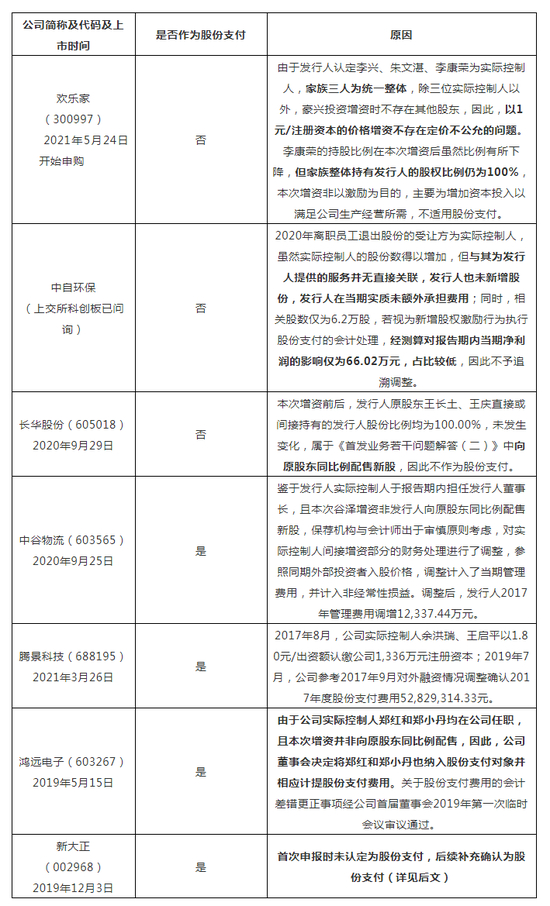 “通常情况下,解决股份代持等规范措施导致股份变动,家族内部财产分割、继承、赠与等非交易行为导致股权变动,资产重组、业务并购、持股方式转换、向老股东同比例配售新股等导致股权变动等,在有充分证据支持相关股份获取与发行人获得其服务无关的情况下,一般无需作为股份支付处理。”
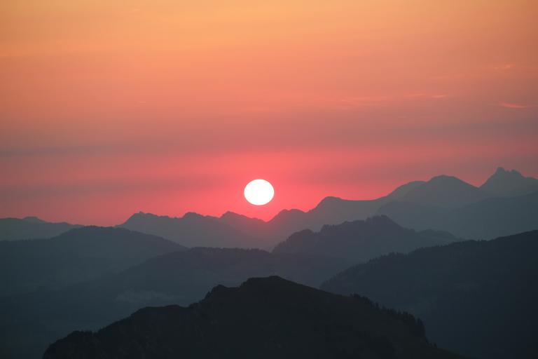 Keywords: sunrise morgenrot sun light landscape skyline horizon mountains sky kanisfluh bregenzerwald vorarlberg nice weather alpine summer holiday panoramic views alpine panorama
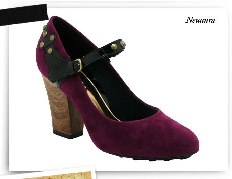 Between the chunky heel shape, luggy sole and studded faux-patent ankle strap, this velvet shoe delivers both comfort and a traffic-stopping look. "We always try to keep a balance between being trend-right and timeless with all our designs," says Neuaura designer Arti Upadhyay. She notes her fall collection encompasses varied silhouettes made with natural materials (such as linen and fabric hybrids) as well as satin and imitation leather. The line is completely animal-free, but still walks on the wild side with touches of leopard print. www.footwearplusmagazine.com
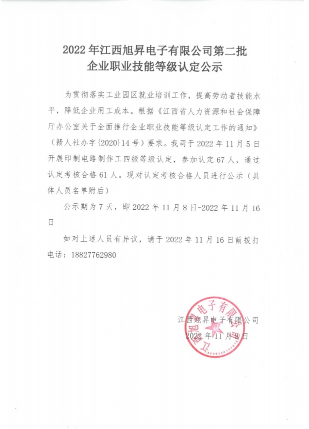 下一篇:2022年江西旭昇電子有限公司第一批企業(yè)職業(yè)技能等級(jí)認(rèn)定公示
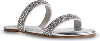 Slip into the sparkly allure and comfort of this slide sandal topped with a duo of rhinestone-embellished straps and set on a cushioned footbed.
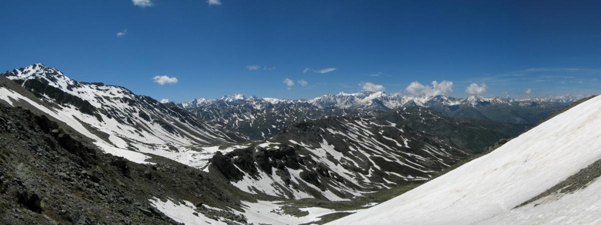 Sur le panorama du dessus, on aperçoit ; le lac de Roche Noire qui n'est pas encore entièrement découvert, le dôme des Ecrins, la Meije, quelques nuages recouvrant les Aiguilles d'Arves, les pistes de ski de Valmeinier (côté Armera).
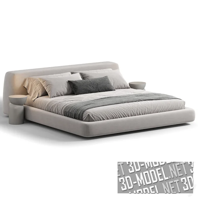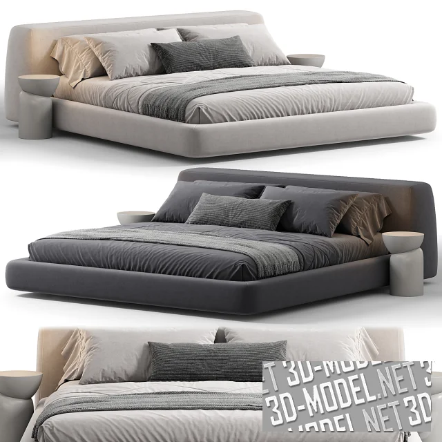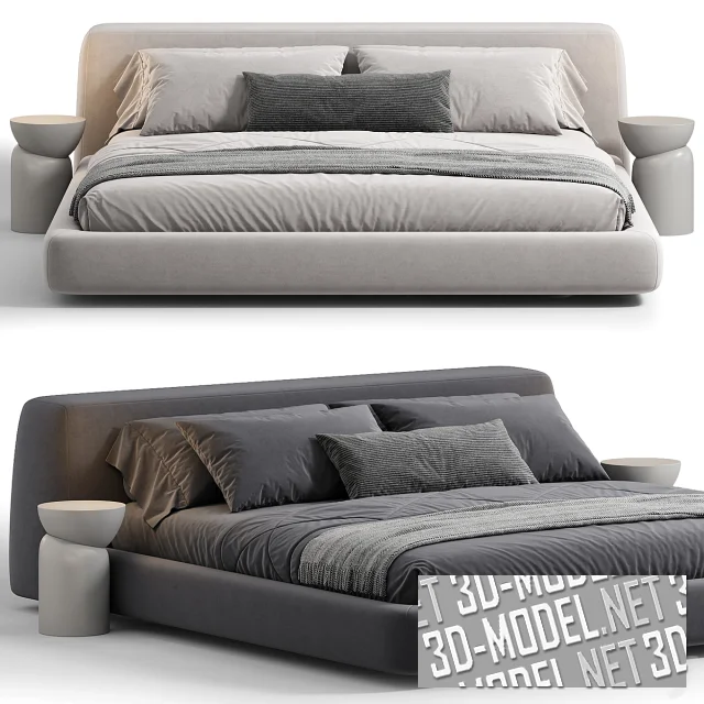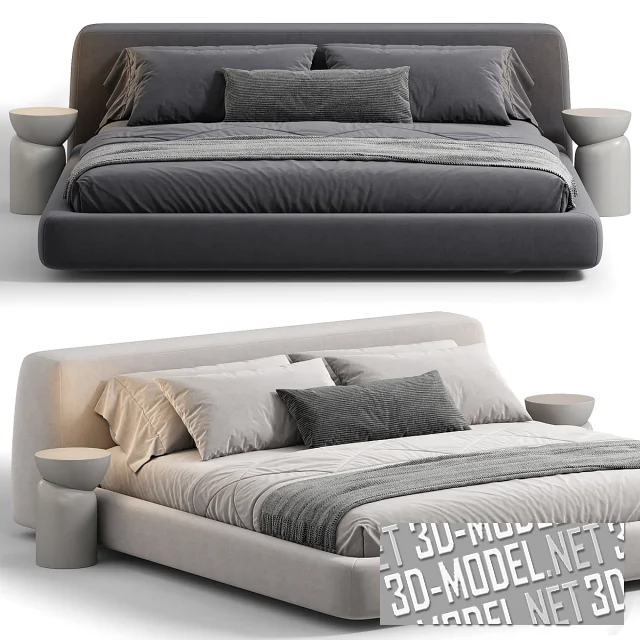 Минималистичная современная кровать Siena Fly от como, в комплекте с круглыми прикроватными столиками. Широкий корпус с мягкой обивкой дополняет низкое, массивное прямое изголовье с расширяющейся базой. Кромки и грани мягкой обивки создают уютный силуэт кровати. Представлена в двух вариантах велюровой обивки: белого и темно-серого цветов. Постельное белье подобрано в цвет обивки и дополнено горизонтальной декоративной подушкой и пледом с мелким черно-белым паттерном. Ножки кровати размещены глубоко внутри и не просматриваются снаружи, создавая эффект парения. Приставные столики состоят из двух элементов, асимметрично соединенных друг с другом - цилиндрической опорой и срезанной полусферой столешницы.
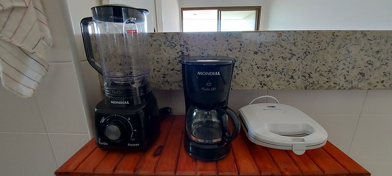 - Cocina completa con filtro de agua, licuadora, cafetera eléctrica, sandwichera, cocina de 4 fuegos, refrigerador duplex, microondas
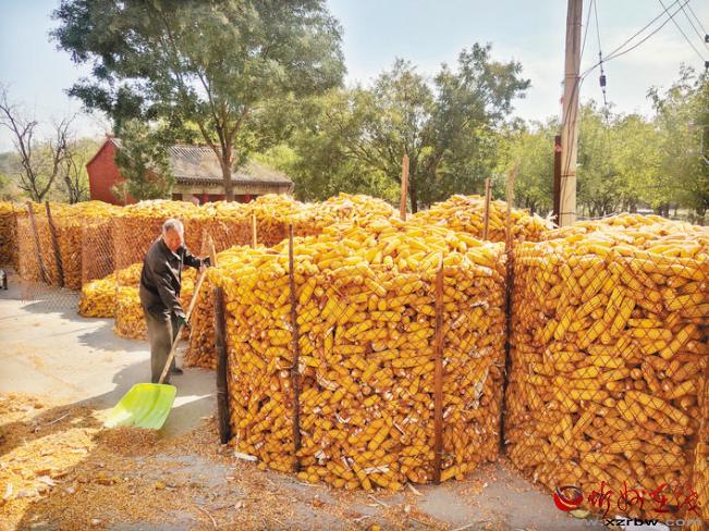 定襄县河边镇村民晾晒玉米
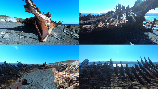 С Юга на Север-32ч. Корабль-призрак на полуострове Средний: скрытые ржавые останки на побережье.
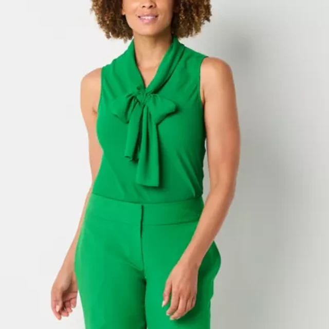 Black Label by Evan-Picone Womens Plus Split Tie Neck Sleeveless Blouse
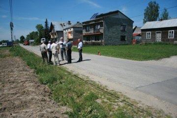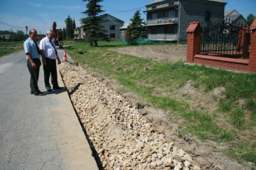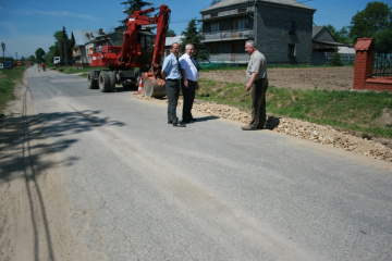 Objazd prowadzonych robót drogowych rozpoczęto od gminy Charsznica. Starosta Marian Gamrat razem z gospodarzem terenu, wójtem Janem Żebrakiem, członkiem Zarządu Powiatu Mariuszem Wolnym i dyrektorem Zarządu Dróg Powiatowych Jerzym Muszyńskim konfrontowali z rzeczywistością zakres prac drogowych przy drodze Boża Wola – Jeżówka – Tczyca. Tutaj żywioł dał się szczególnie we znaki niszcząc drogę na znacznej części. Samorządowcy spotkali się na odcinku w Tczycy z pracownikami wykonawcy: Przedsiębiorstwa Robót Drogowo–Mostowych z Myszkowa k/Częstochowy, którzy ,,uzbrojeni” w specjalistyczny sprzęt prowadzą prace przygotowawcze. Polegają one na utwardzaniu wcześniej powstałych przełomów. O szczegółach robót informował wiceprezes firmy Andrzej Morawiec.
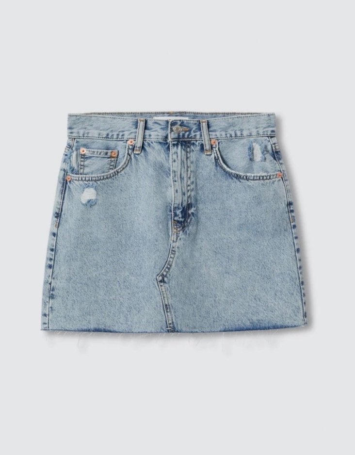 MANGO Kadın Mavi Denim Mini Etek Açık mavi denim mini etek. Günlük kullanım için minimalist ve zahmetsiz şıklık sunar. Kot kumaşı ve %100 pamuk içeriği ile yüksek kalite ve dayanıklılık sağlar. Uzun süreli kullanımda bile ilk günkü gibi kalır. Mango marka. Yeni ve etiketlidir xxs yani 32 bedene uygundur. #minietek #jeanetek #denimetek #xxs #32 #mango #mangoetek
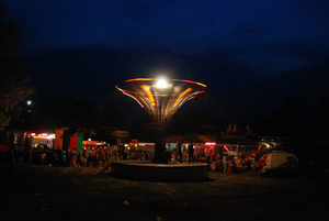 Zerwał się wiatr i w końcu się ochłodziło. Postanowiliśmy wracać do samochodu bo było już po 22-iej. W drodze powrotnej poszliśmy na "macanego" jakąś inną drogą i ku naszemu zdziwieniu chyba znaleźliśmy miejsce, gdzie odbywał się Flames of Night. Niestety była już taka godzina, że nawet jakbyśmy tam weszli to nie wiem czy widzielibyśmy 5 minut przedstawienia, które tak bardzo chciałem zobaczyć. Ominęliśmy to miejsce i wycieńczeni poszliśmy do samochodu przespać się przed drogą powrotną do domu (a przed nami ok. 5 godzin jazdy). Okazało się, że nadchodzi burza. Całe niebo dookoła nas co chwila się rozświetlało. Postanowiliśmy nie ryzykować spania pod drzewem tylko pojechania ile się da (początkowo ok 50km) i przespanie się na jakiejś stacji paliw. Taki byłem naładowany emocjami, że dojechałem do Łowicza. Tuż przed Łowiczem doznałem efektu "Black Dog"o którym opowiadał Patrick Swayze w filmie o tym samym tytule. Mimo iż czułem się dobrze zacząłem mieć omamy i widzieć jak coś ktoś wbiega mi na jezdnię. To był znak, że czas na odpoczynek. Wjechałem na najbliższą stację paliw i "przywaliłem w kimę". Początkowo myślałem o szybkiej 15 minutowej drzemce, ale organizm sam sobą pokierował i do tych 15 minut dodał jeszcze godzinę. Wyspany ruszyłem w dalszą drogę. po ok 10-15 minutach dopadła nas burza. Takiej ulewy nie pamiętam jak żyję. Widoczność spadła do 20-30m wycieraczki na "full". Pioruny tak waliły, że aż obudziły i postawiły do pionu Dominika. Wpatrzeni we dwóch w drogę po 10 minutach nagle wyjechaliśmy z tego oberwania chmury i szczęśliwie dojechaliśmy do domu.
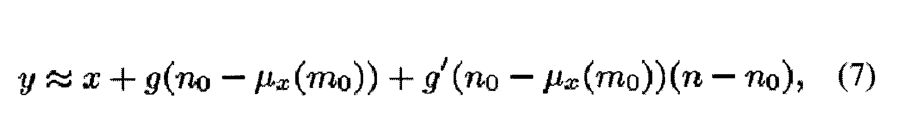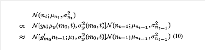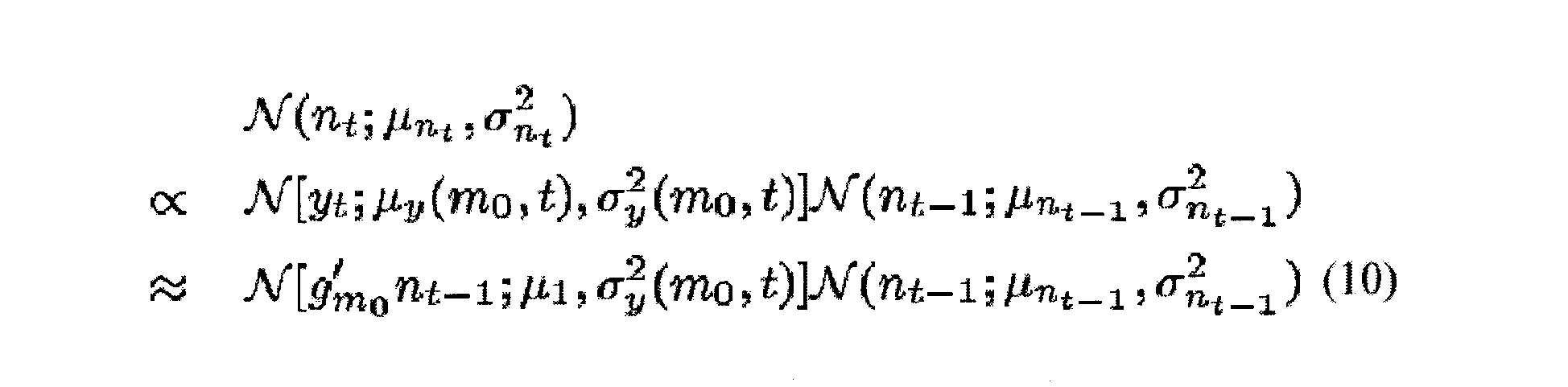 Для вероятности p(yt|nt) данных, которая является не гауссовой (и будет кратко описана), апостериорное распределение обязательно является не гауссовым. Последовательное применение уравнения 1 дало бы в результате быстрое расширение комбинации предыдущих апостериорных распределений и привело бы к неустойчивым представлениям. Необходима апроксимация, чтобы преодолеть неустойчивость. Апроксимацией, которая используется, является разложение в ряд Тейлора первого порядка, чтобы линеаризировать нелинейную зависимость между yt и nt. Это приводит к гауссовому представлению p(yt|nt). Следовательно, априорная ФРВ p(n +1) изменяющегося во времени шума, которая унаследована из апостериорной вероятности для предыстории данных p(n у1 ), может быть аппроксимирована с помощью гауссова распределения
·····
> Exercise description:
Set the pictures aside and transcribe the data above exactly.

> The answer:
 “通常情况下,解决股份代持等规范措施导致股份变动,家族内部财产分割、继承、赠与等非交易行为导致股权变动,资产重组、业务并购、持股方式转换、向老股东同比例配售新股等导致股权变动等,在有充分证据支持相关股份获取与发行人获得其服务无关的情况下,一般无需作为股份支付处理。”
 Keywords: sunrise morgenrot sun light landscape skyline horizon mountains sky kanisfluh bregenzerwald vorarlberg nice weather alpine summer holiday panoramic views alpine panorama
 Between the chunky heel shape, luggy sole and studded faux-patent ankle strap, this velvet shoe delivers both comfort and a traffic-stopping look. "We always try to keep a balance between being trend-right and timeless with all our designs," says Neuaura designer Arti Upadhyay. She notes her fall collection encompasses varied silhouettes made with natural materials (such as linen and fabric hybrids) as well as satin and imitation leather. The line is completely animal-free, but still walks on the wild side with touches of leopard print. www.footwearplusmagazine.com
 下一篇:2022年江西旭昇電子有限公司第一批企業(yè)職業(yè)技能等級(jí)認(rèn)定公示
 Slip into the sparkly allure and comfort of this slide sandal topped with a duo of rhinestone-embellished straps and set on a cushioned footbed.
 Sur le panorama du dessus, on aperçoit ; le lac de Roche Noire qui n'est pas encore entièrement découvert, le dôme des Ecrins, la Meije, quelques nuages recouvrant les Aiguilles d'Arves, les pistes de ski de Valmeinier (côté Armera).
 Минималистичная современная кровать Siena Fly от como, в комплекте с круглыми прикроватными столиками. Широкий корпус с мягкой обивкой дополняет низкое, массивное прямое изголовье с расширяющейся базой. Кромки и грани мягкой обивки создают уютный силуэт кровати. Представлена в двух вариантах велюровой обивки: белого и темно-серого цветов. Постельное белье подобрано в цвет обивки и дополнено горизонтальной декоративной подушкой и пледом с мелким черно-белым паттерном. Ножки кровати размещены глубоко внутри и не просматриваются снаружи, создавая эффект парения. Приставные столики состоят из двух элементов, асимметрично соединенных друг с другом - цилиндрической опорой и срезанной полусферой столешницы.
 - Cocina completa con filtro de agua, licuadora, cafetera eléctrica, sandwichera, cocina de 4 fuegos, refrigerador duplex, microondas
 定襄县河边镇村民晾晒玉米
 С Юга на Север-32ч. Корабль-призрак на полуострове Средний: скрытые ржавые останки на побережье.
 Black Label by Evan-Picone Womens Plus Split Tie Neck Sleeveless Blouse
 Objazd prowadzonych robót drogowych rozpoczęto od gminy Charsznica. Starosta Marian Gamrat razem z gospodarzem terenu, wójtem Janem Żebrakiem, członkiem Zarządu Powiatu Mariuszem Wolnym i dyrektorem Zarządu Dróg Powiatowych Jerzym Muszyńskim konfrontowali z rzeczywistością zakres prac drogowych przy drodze Boża Wola – Jeżówka – Tczyca. Tutaj żywioł dał się szczególnie we znaki niszcząc drogę na znacznej części. Samorządowcy spotkali się na odcinku w Tczycy z pracownikami wykonawcy: Przedsiębiorstwa Robót Drogowo–Mostowych z Myszkowa k/Częstochowy, którzy ,,uzbrojeni” w specjalistyczny sprzęt prowadzą prace przygotowawcze. Polegają one na utwardzaniu wcześniej powstałych przełomów. O szczegółach robót informował wiceprezes firmy Andrzej Morawiec.
 MANGO Kadın Mavi Denim Mini Etek Açık mavi denim mini etek. Günlük kullanım için minimalist ve zahmetsiz şıklık sunar. Kot kumaşı ve %100 pamuk içeriği ile yüksek kalite ve dayanıklılık sağlar. Uzun süreli kullanımda bile ilk günkü gibi kalır. Mango marka. Yeni ve etiketlidir xxs yani 32 bedene uygundur. #minietek #jeanetek #denimetek #xxs #32 #mango #mangoetek
 Zerwał się wiatr i w końcu się ochłodziło. Postanowiliśmy wracać do samochodu bo było już po 22-iej. W drodze powrotnej poszliśmy na "macanego" jakąś inną drogą i ku naszemu zdziwieniu chyba znaleźliśmy miejsce, gdzie odbywał się Flames of Night. Niestety była już taka godzina, że nawet jakbyśmy tam weszli to nie wiem czy widzielibyśmy 5 minut przedstawienia, które tak bardzo chciałem zobaczyć. Ominęliśmy to miejsce i wycieńczeni poszliśmy do samochodu przespać się przed drogą powrotną do domu (a przed nami ok. 5 godzin jazdy). Okazało się, że nadchodzi burza. Całe niebo dookoła nas co chwila się rozświetlało. Postanowiliśmy nie ryzykować spania pod drzewem tylko pojechania ile się da (początkowo ok 50km) i przespanie się na jakiejś stacji paliw. Taki byłem naładowany emocjami, że dojechałem do Łowicza. Tuż przed Łowiczem doznałem efektu "Black Dog"o którym opowiadał Patrick Swayze w filmie o tym samym tytule. Mimo iż czułem się dobrze zacząłem mieć omamy i widzieć jak coś ktoś wbiega mi na jezdnię. To był znak, że czas na odpoczynek. Wjechałem na najbliższą stację paliw i "przywaliłem w kimę". Początkowo myślałem o szybkiej 15 minutowej drzemce, ale organizm sam sobą pokierował i do tych 15 minut dodał jeszcze godzinę. Wyspany ruszyłem w dalszą drogę. po ok 10-15 minutach dopadła nas burza. Takiej ulewy nie pamiętam jak żyję. Widoczność spadła do 20-30m wycieraczki na "full". Pioruny tak waliły, że aż obudziły i postawiły do pionu Dominika. Wpatrzeni we dwóch w drogę po 10 minutach nagle wyjechaliśmy z tego oberwania chmury i szczęśliwie dojechaliśmy do domu.
 Для вероятности p(yt|nt) данных, которая является не гауссовой (и будет кратко описана), апостериорное распределение обязательно является не гауссовым. Последовательное применение уравнения 1 дало бы в результате быстрое расширение комбинации предыдущих апостериорных распределений и привело бы к неустойчивым представлениям. Необходима апроксимация, чтобы преодолеть неустойчивость. Апроксимацией, которая используется, является разложение в ряд Тейлора первого порядка, чтобы линеаризировать нелинейную зависимость между yt и nt. Это приводит к гауссовому представлению p(yt|nt). Следовательно, априорная ФРВ p(n +1) изменяющегося во времени шума, которая унаследована из апостериорной вероятности для предыстории данных p(n у1 ), может быть аппроксимирована с помощью гауссова распределения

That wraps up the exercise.